Class IIa - The weight of evidence or opinion is in favor of benefit from performing the following studies as part of the initial evaluation of patients presenting with HF:

Coronary arteriography in patients who have chest pain that may or may not be of cardiac origin who have not had a prior evaluation of their coronary anatomy and are eligible for coronary revascularization. Coronary arteriography in patients with known or suspected coronary artery disease who do not have angina and are eligible for revascularization. Noninvasive imaging to detect myocardial ischemia and viability in patients with known or suspected coronary artery who do not have angina and are eligible for revascularization.
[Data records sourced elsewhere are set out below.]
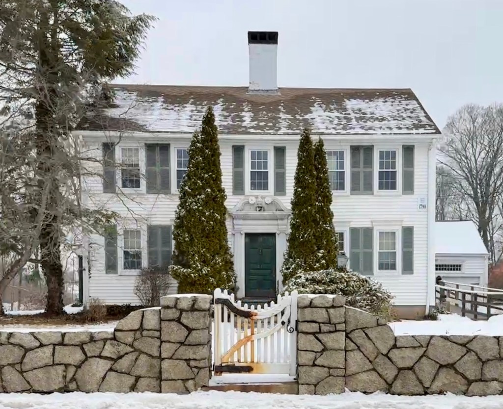 In 1787, Oliver Druce (1760-1797) married Sarah “Sally” Kollock (1764-1789) and had this large residence built overlooking the Town Common in Wrentham, Massachusetts. The young couple raised one daughter here until Sarah died in 1789 at 25 years old, followed years later by Oliver, who died in 1797 at 37 years old. By the turn of the 19th century, the late-Georgian residence was owned by John Francoeur, a French Huguenot. The Druce-Francoeur House is one of the finest Georgian style residences in Wrentham, which retains its magnificent doorway framed by fluted Ionic pilasters with broken scrolled pediment above.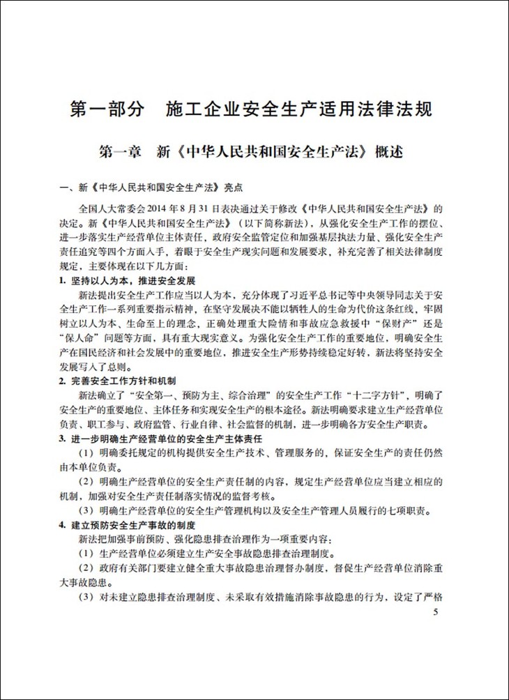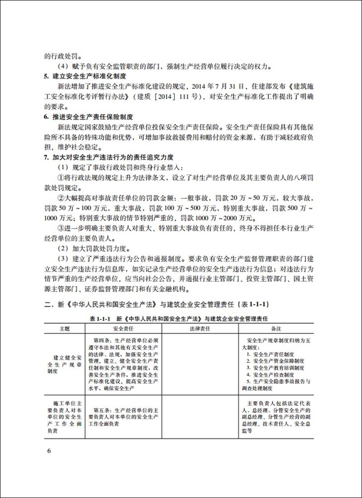 一、全面介绍新《中华人民共和国安全生产法》与建筑施工企业相关条文,并将施工企业安全责任与法律责任做成对照表,使之一目了然,便于学习和查阅。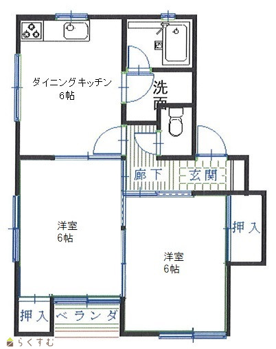 | 間取り | 2DK (洋室:6、6) DK6 |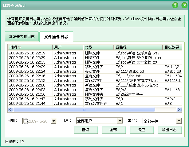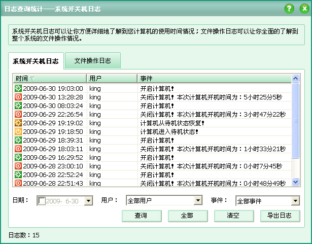 系统开关机日志记录了计算机的开关机时间和使用时间等,可以让你方便详细地了解到您计算机的使用时间情况;文件操作日志记录了文件的新建/复制/删除等操作,可以让你全面的了解到整个系统的文件操作情况。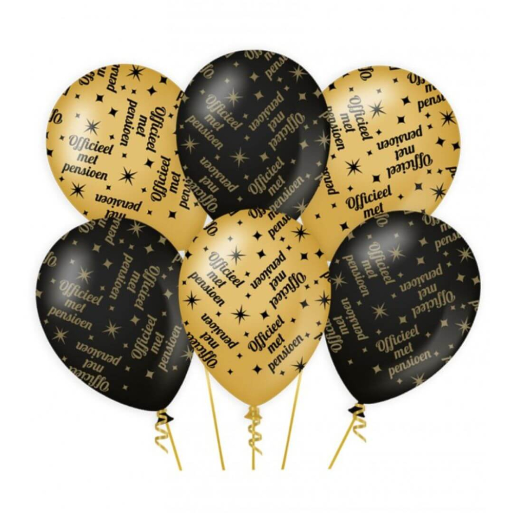 Bestel bij ons deze geweldige ballonnen, in de kleuren, zwart en goud met de tekst: ''Officieel met pensioen.''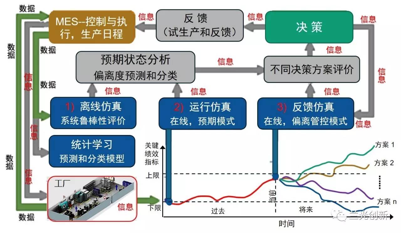 从图中可见,数字化工厂运行仿真可分为个阶段: ①离线评价,分析排产计划对执行过程突发事件的抗拒力(鲁棒性)。②在线, 近期排产的仿真,用于预先发现与计划排产的偏离度。③当已经发生偏离后,在线分析可采取的行动,如何使损失最小化(反馈仿真)。通过不同的仿真,可预测工厂运作的关键绩效指标(KPI),使工厂保持在KPI上下限之间运行,并且根据过去数据的分析提出未来的不同运作方案。
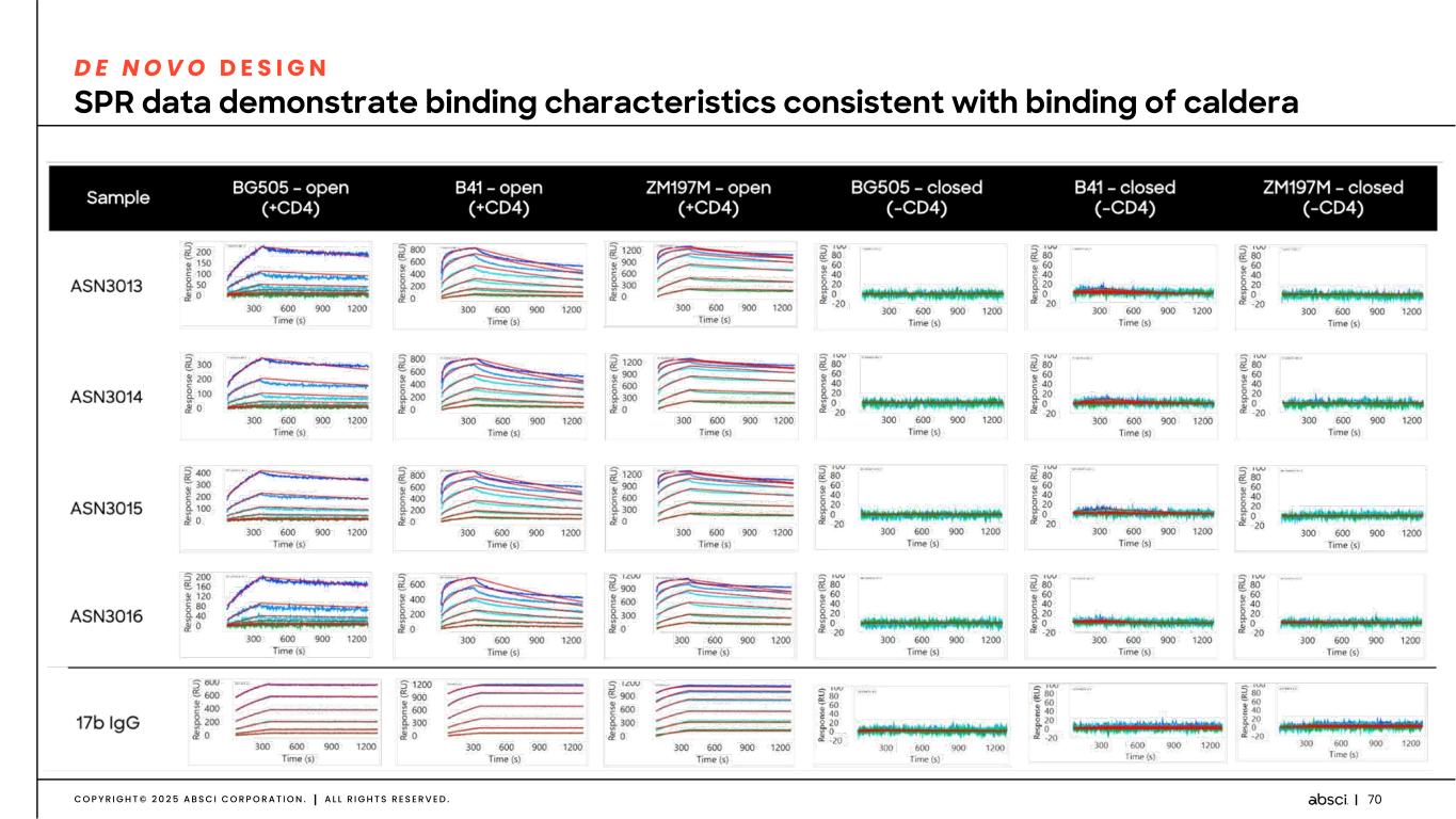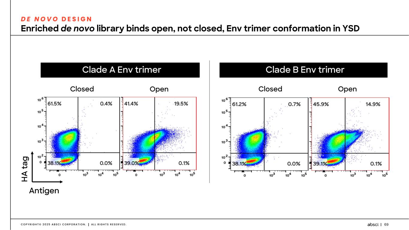 69C O P Y R I G H T © 2 0 2 5 A B S C I C O R P O R A T I O N . A L L R I G H T S R E S E R V E D . H A ta g Antigen Clade A Env trimer Closed Open Enriched de novo library binds open, not closed, Env trimer conformation in YSD D E N O V O D E S I G N Closed Open Clade B Env trimer

When the contribution of HF to exercise limitation is uncertain, maximal exercise testing with or without measurement of respiratory gas exchange and/or blood oxygen saturation. To identify candidates for cardiac transplantation or other advanced treatments, maximal exercise testing with measurement of respiratory gas exchange. In selected patients, screening for hemochromatosis, sleep disturbed breathing, or human immunodeficiency virus (HIV) infection. When suspected clinically, diagnostic tests for rheumatologic disease, amyloidosis, or pheochromocytoma. Endomyocardial biopsy when a specific diagnosis is suspected that would influence therapy. Measurement of serum B-type natriuretic peptide (BNP) in the urgent care setting if the clinical diagnosis of HF is uncertain.
Class IIb - The weight of evidence or opinion is less well established for the following testing in the initial evaluation of patients with HF

Noninvasive imaging to define the likelihood of coronary artery disease in patients with left ventricular dysfunction. Holter monitoring in patients who have a history of myocardial infarction and are being considered for electrophysiologic study to document the inducibility of ventricular tachycardia.
Class III - There is evidence and/or general agreement that the following tests are not useful or may be harmful in the initial evaluation of patients with HF

Routine endomyocardial biopsy in the absence of suspicion of a specific diagnosis that would influence therapy suspected. Routine signal-averaged electrocardiography. Routine measurement of serum neurohormones other than BNP (eg, norepinephrine or endothelin).
Data from Hunt, SA, Abraham, WT, Chin, MH, et al. ACC/AHA 2005 Guideline Update for the Diagnosis and Management of Chronic Heart Failure in the Adult: a report of the American College of Cardiology/American Heart Association Task Force on Practice Guidelines (Writing Committee to Update the 2001 Guidelines for the Evaluation and Management of Heart Failure): developed in collaboration with the American College of Chest Physicians and the International Society for Heart and Lung Transplantation: endorsed by the Heart Rhythm Society. Circulation 2005; 112:e154.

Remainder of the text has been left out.